There's more to experience when you log in!
Welcome to yet another #MapInfoMonday article!
Today, we will look at one way to copy data from a point to another point nearby.
MapInfo Pro allows you to update one table with values from another table when you can specify a join between these two tables using the Update Column dialog. This join can be an attribute join or a spatial join. These joins are however somewhat limited compared to the full amount of join options you have these days with MapInfo Pro. You can for example not use a join specifying that two records, for example, points, should be within a distance of say 1 meter from eachother.
In this article, I will show you how you join the two tables using the Select statement and they use Update Column to update one of the tables with data from the other table using the result of the join query.
As you can see in the map above, the orange measurement points are not located exactly on top of the existing black address points. Also, these orange points are not the same distance from the addresses so we need to use some sort of tolerance to find the nearest one.
The idea here is to calculate the distance between the measurement points and the addresses and only keep those where the distance is under say 1 meter. This will probably not match up all measurement points with an address but at least some. We can then extend the distance and slowly work our way through the measurement points until all have been assigned an address.
To avoid including a measurement point that already has been assigned and address we add an additional condition to only use the measurement points where the FullAddress column is empty, that is no address has been assigned to it.
Select t1.*, t2.AddressPostalCode
From Address_Measurements As "t1"
, Addresses As "t2" Cross Join
Where ObjectDistance(t1.obj, t2.obj, "m") < 1
And t1.FullAddress = ""
Please note that with a Cross Join you are joining each record in the first table to each record in the second table and then you use the conditions in the Where part of the Select statement to limit the records returned. This can be slow especially if you have large tables. In my example, the address table holds around 14,000 records, and the measurement table holds around 200 records. This results in a total of 2,800,000 that the conditions need to be applied to. Further down, I'll show how you can limit the number of addresses to use.
Once the query has returned some records I can use the Update statement to copy the address string from the AddressPostalCode to the FullAddress field in the query result.
You can do this via the Update Column dialog, or use the SQL Window as I do below using this Update statement:
Set FullAddress = AddressPostalCode
You will now have to repeat this process until all measurements have been assigned the full address from the nearest address.
For each repeat, you make the distance bigger. You can either add 1 to the current distance or maybe go from 1 to 2, to 5, and to 10. The idea is to try to avoid finding multiple addresses for a single measurement.
If you feel comfortable about the process, you can also consider merging the Select and Update statements into one script. This will make it easier to repeat the process as you can stick to using one script.
Note that a MapBasic script in the SQL Window can consist of multiple statements that are executed in order.
Please note that you may see an error in the Output Area of the SQL Window. This will happen if the query doesn't find any matches which can happen if this distance is too small or if all the measurements have been assigned a full address.

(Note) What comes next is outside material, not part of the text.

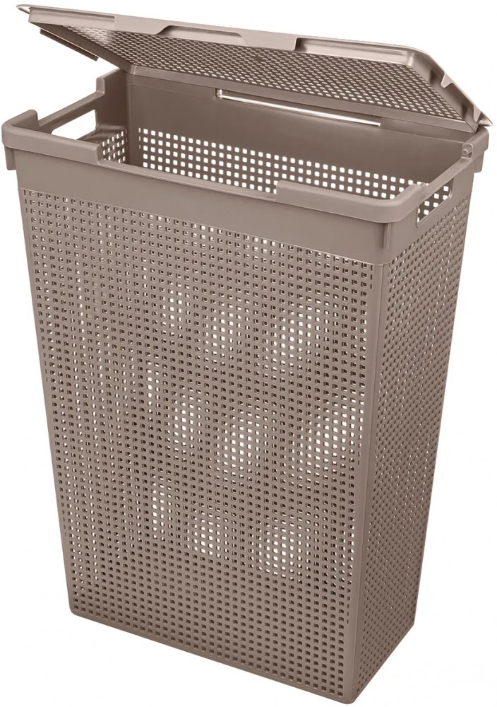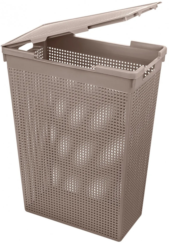 Классная корзина, крышку можно установить на любую сторону, как удобно. Корзинка сетчатая, не будет запаха затхлого белья.

As I mentioned earlier, the Cross Join may take time to run if you are comparing a large number of records.
The most simple way to speed up the Cross Join query is to limit the number of records in the tables.

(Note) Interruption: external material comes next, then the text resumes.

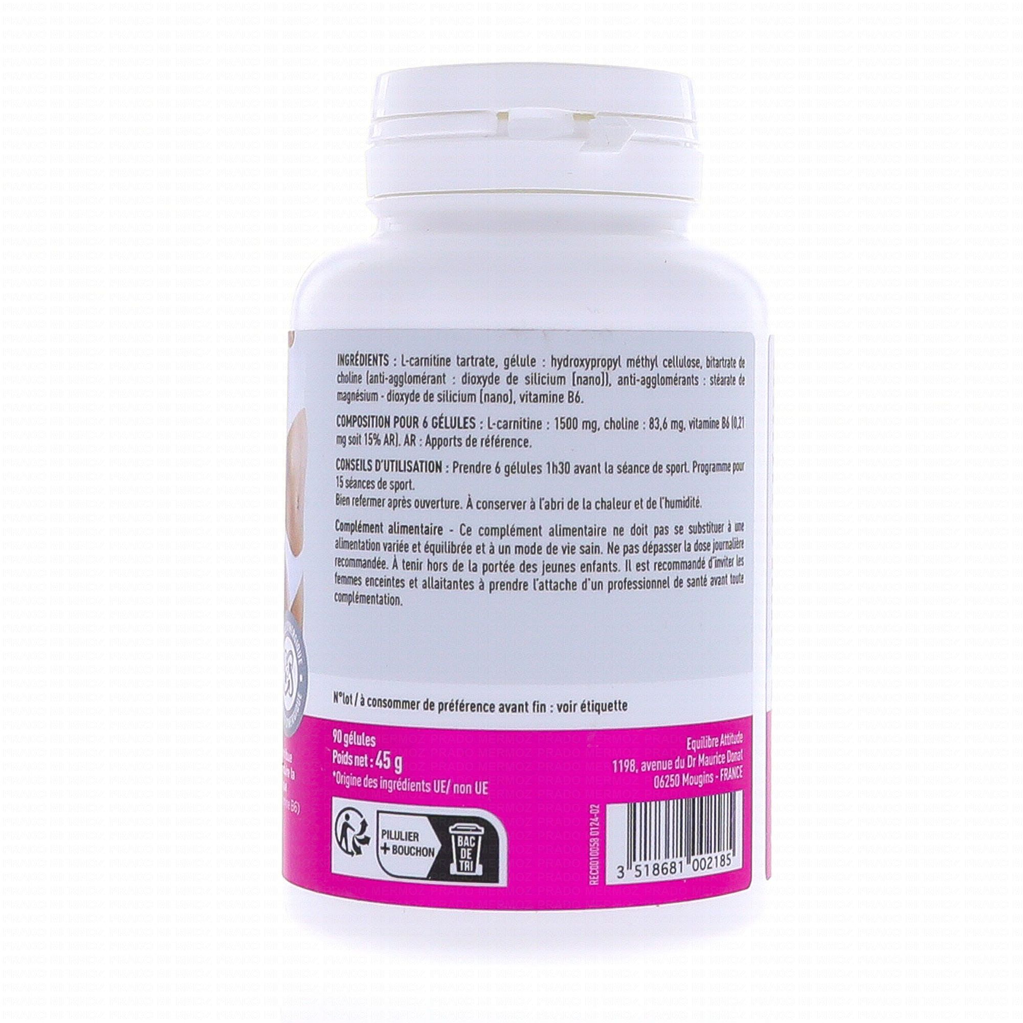 Ingrédients : L-carnitine tartrate ; bitartrate de choline, antiagglomérants : stéarate de magnésium - [nano] dioxyde de silicium, vitamine B6 (chlorydrate de pyridoxine). Gélule : hydroxypropyl méthyl cellulose.

In this example, we can limit the number of addresses in the Cross Join by only using those that are close to the measurement points. This can easily be done using a Sub Select query where we only return the addresses that are within a combined buffer around all the measurement points.
Here is an example of such a Select statement. The statement uses a sub-select to create an aggregated buffer around all the measurement points. This aggregated buffer is then used to select the addresses that are within 50 meters of the measurement points.
Where OBJ Within
(Select AggregateBuffer(obj, 12, 50, "m") From Address_Measurements)

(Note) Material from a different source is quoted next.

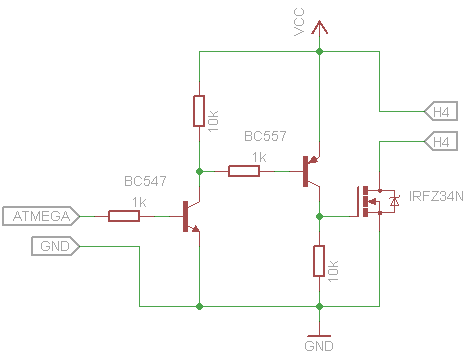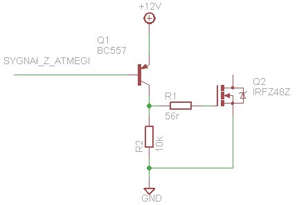 Witam. Jestem początkujący w świecie elektroniki. Mam problem z którym nie wiem jak mogę sobie poradzić. Potrzebuję z pomocą atmegi sterować żarówką H4 (zmiana świateł : mijania-drogowe) jako tranzystory wykonawcze planuje użyć tranzystory irfz34n. Wiem że aby całkowicie otworzyć tranzystor mosfet potrzeba potrzeba wprowadzić na jego bramkę napięcia równe napięciu zasilania lub nawet większe. Niestety już zakupiłem w.w. tranzystory i jestem zmuszony ich użyć. Problemem jest wysterowanie bramki tranzystora z portu atemgi ponieważ napięcie zasilania będzie równe napięciu ładowania (~14V) a jak wiadomo port atmegi w stanie wysokim daje napięcie 5v. Tu moje pytanie, jaki tranzystor zastosować pomiędzy portem atmegi a bramką tranzystora aby w pełni lub prawie w pełni go otworzyć? Bo przy napięciu brami wynoszącym 5V występują duże straty mocy. Próbowałem z tranzystorem pnp bc557. Do puki do bazy tranzystora doprowadziłem stan niski było ok. lecz gdy wprowadziłem stan wysoki aby zatkać tranzystor on dalej przewodził. Połączenie wygląda w ten sposób że : z portu atmegi przez rezystor 1kohm steruję bazą tranzystora pnp, do kolektora podłączyłem 12v, emiter przez rezystor 56ohm podłączyłem z bramką tranzystora mosfet, źródło podłączyłem do masy a żarówkę z jednej strony do drenu a z drugiej do zasilania 12v . Myślę że zamieściłem temat w odpowiednim dziale oraz wszystko wyjaśniłem. Jeśli niewłaściwy dział to proszę o przeniesienie. Pozdrawiam Michał.

As you can see in the image above, this query runs quite fast. Less than half a second. In the map, you can see the purple points which are the addresses that are within the 50-meter buffer from the measurement points. I have used a quite large buffer. You can certainly make this closer to the actual distance you are using in your Cross Join Select statement.
You will also have to change the Select statement to now use your temporary query instead of the Address table. As I am using a table alias for my tables, all I have to change is to change the name of the second table in the From part of the Select statement.
This small optimization improves the performance from 105 seconds to around 10 seconds.
If you want, you can even add the Sub Select query to your combined script.
I hope you have found this article useful. There are other ways to do this. You can use the Distance Calculator to find the nearest address for each measurement point and you can create larger and larger buffers around your measurement points and use a standard spatial operator to match the address points to the measurement points. As you probably know, MapInfo Pro is quite flexible and allows you to do things in multiple ways.